Diese Praxis wurde 2013 zwar offiziell verboten, aber trotzdem haben Hilfsorganisationen alle Hände voll zu tun."
Frau Müller baut nun einen Beamer auf und lässt uns den Film einer Hilforganisation sehen. Diese Organisation ist, wie viele andere, auf Spenden angewiesen. Es wird gezeigt, wie eine Delegation der Organisation ein neu errichtetes Schulwohnheim besucht. Der Sprecher im Hintergrund erklärt, dass inzwischen 12.000 Kamlahari -schwer arbeitende Frau- aus der Leibeigenschaft befreit werden konnten. Ausbildungsstipendien für fast 200 Mädchen konnten aufgebracht werden. Eine junge Frau hat mit den Spendengeldern studieren können und kämpft heute als Rechtsanwältin Seite an Seite mit der Hilfsorganisation gegen die Sklaverei.
Drüber vergeht die Schulstunde wie im Flug. Ich habe nicht gewusst, dass es im 21. Jahrhundert immer noch Sklaverei gibt! Ich, das heißt, mein Name ist Leni Mrachartz. Mein Vater ist im Bankenbereich tätig. Er prüft die Kreditwürdigkeit der Antragsteller. Zuhause habe ich eine unbeschwerte Kindheit verbringen dürfen und bin nun in der neunten Klasse des Gymnasiums unserer Heimatstadt.
*
Nun sitze ich, Leni Mrachartz, mit sieben Mitschülern im Flugzeug. Zweidrittel unserer Klasse haben sich entschieden, lieber einen Betrag ihrer Wahl an die Hilfsorganisation zu spenden, als eine Woche ihrer Ferien zu opfern und Land und Leute kennen zu lernen. Wir mussten mehrere Impfungen über uns ergehen lassen, unter anderem auch gegen Malaria, bevor wir fliegen durften. Frau Müller hat von jedem Mitreisenden über 600 Euro eingesammelt, von denen über 200 Euro an die Gastfamilie geht. So unterstützen wir die Menschen dort auch direkt.
Der Flug ab Berlin nach Katmandu soll 12 Stunden und 35 Minuten dauern. Es ist gleichzeitig auch mein erster Flug. Ungefähr zwei Stunden haben die Formalitäten vor dem Start gedauert, dann dürfen wir das Flugzeug entern. Wir suchen unsere Sitzplätze und machen es uns bequem. Dann ertönt ein Gong und ich spüre eine Vibration. Beim Blick aus dem Fenster sehe ich, dass wir uns rasend schnell fortbewegen. Dann werde ich in den Sitz gepresst und die Maschine steigt in einem irren Winkel in den Himmel. Nach einigen Minuten kippt das Flugzeug in die horizontale Lage zurück und wir dürfen den Gurt wieder lösen.

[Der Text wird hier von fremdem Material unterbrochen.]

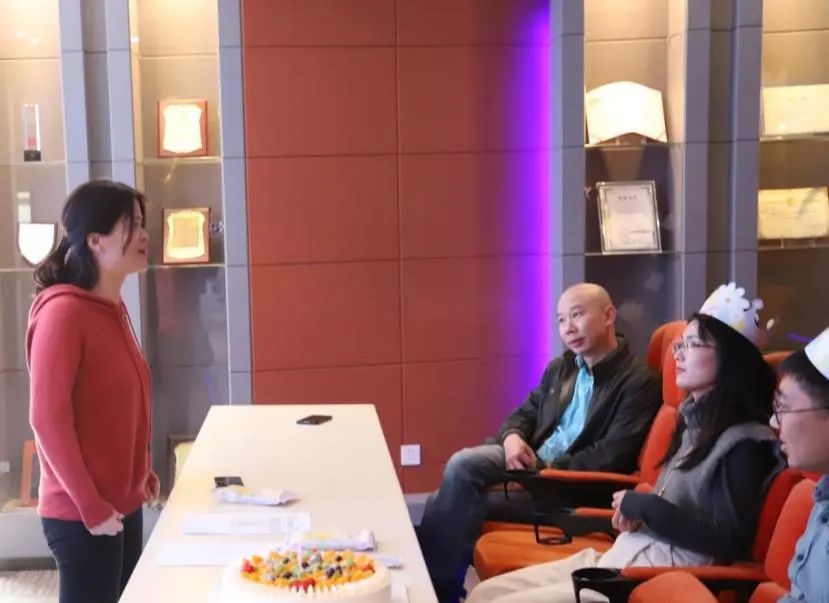 生产中心总监敬容主持了生日会。她指出,天堰公司非常关心员工工作和生活,公司的生日会得到了精心策划,每次生日会都派出至少一位高管出席。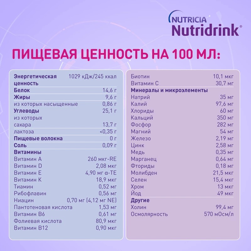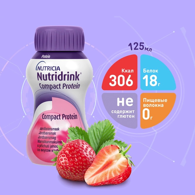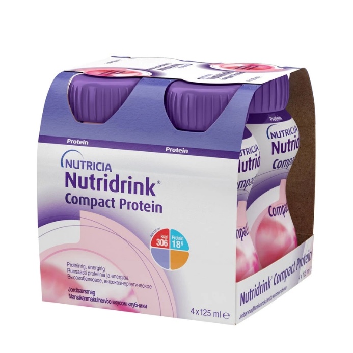 Одна бутылочка Nutridrink Compact Protein 125 мл содержит 18 г белка, 300/306 ккал, 13 витаминов и 15 минеральных веществ. 1-2 бутылочки Nutridrink Compact Protein могут помочь восполнить суточную потребность в белке и энергии.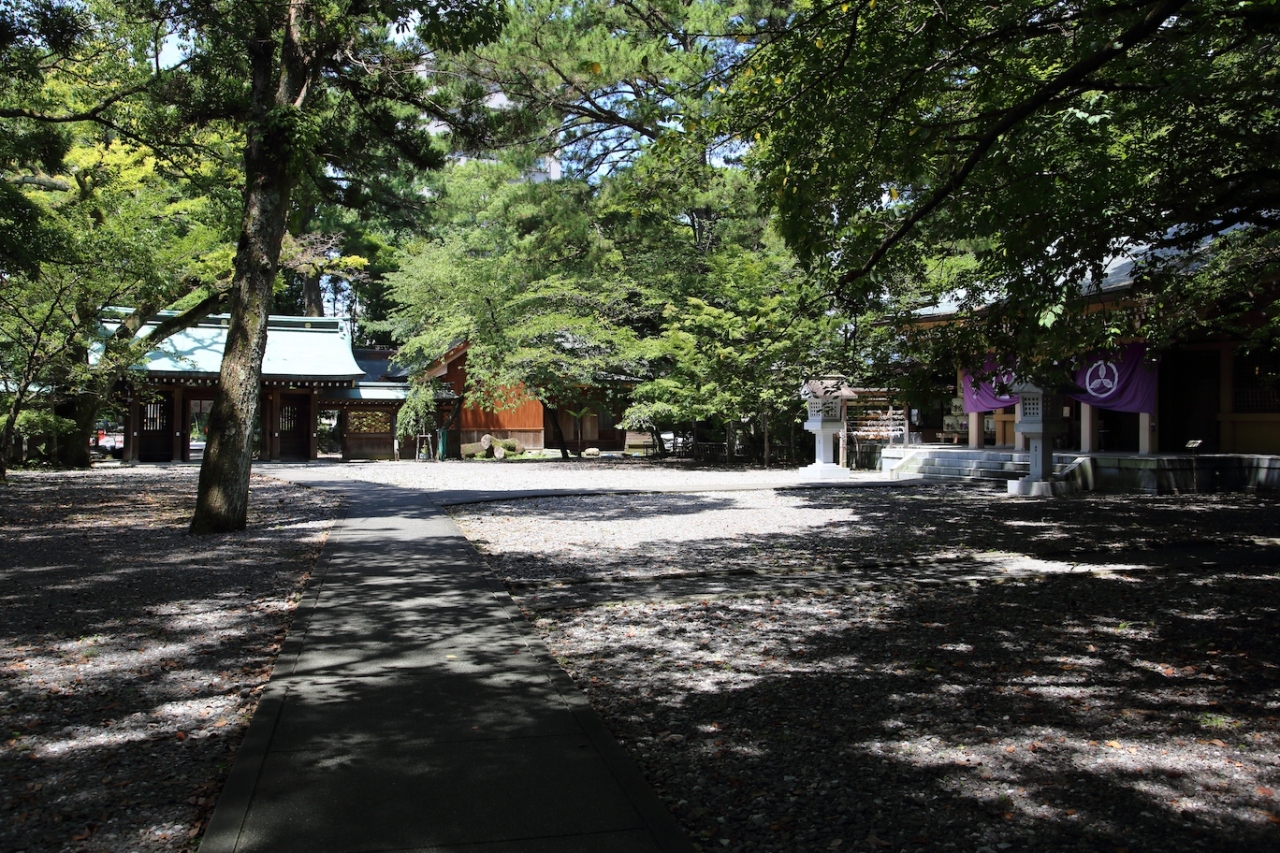 県民文化ホール、鷹匠公園の南に鏡側に沿って境内が広がっています。県庁前電停で降り、南にまっすぐ進んで鷹匠公園の池の脇にある階段を上ると、そちらに鳥居が立っています。なお、山内神社と鏡側を挟んだ河川敷が有料駐車場になっているので、車の場合はそちらに止めると良いでしょう。きちんと舗装されています。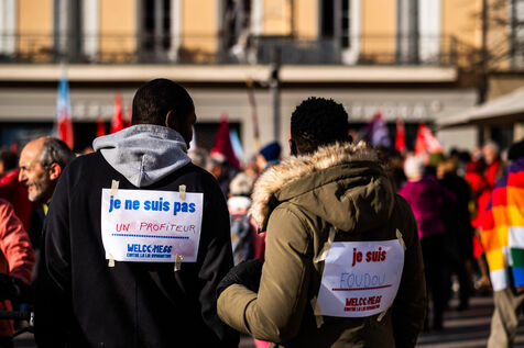 Perpignan, 21 janvier 2024, manifestation et rassemblement contre la loi asile et immigration du gouvernement, portée par Gerald Darmanin, a quelques jours de son analyse par le Conseil Constitutionnel.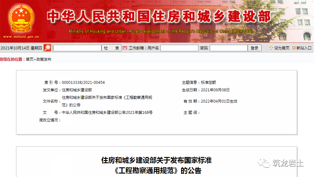现批准《工程勘察通用规范》为国家标准,编号为GB 55017-2021,自2022年4月1日起实施。本规范为强制性工程建设规范,全部条文必须严格执行。现行工程建设标准相关强制性条文同时废止。现行工程建设标准中有关规定与本规范不一致的,以本规范的规定为准。 本规范在住房和城乡建设部门户网站(www.mohurd.gov.cn)公开,并由住房和城乡建设部标准定额研究所组织中国建筑出版传媒有限公司出版发行。

Die Flugbegleiter gehen herum und fragen jeden, ob er ein Imbiss haben möchte. Dabei lassen sie ihren Blick schweifen. Ich bestelle nur eine Kleinigkeit, denn ich habe vor, während des Großteils des Fluges zu schlafen. Bald darauf bin ich auch eingeschlummert.
Als ich wach werde, haben wir den Himalaya erreicht. Wir haben 9:40 Ortszeit und sollen in einer halben Stunde etwa in Katmandu landen. Mein erster Blick geht aus dem Kabinenfenster. So etwas habe ich noch nie gesehen. Es ist einfach überwältigend! Wir fliegen über den Wolken. Viele Berggipfel in weiß und grau durchstoßen die Wolkendecke und erscheinen mir zum Greifen nah.